The Fibonacci polynomials are defined recursively as functions of one variable: $$ F_0(z) = 0 \\ F_1(z) = 1 \\ \forall n > 1: F_n(z) = zF_{n-1}(z) + F_{n-2}(z) $$ Thus for example $F_5(z) = 1+3z^2 + z^4$, and $$F_6(z) = 3z+4z^3+z^5 =z(1+z^2)(3+z^2) = F_2(z) F_3(z) (3+z^2) $$
It appears from several hundred examples that if a prime $p$ divides $n$ then $F_p(z)$ is a factor of $F_n(z)$. If this conjecture is true, then $F_n(z)$ is always reducible in $\Bbb{Z}(z)$ (that is, $F_n(z)$ is factorable into more than one polynomial with degree at least one and integer coefficients) whenever $n$ is composite.
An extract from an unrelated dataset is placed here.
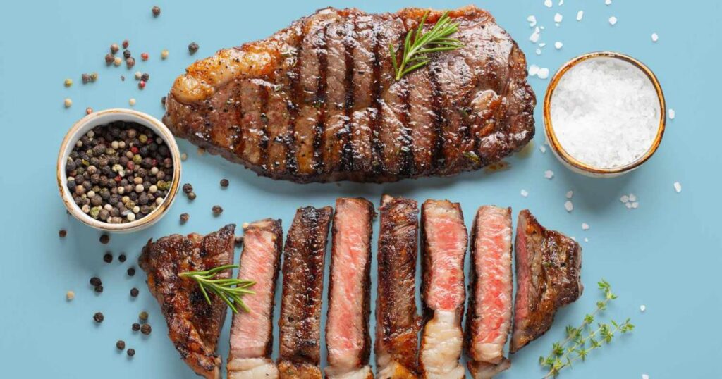 Зніміть стейк з гриля або сковороди і дайте йому відпочити 5 хвилин перед подачею. Це дозволить сокам рівномірно розподілитися по м’ясу, роблячи його ще більш соковитим.

I suspect this is not too hard to prove.
It also appears, again from a large number of examples, that for prime $p$, $F_p(z)$ is always irreducible in $\Bbb{Z}(z)$. But examples do not constitute a proof, and I don't see a good way of attacking the problem of proving irreducibility.
My question is, does anybody know of a proof that for prime $p$, $F_p(z)$ is always irreducible in $\Bbb{Z}(z)$?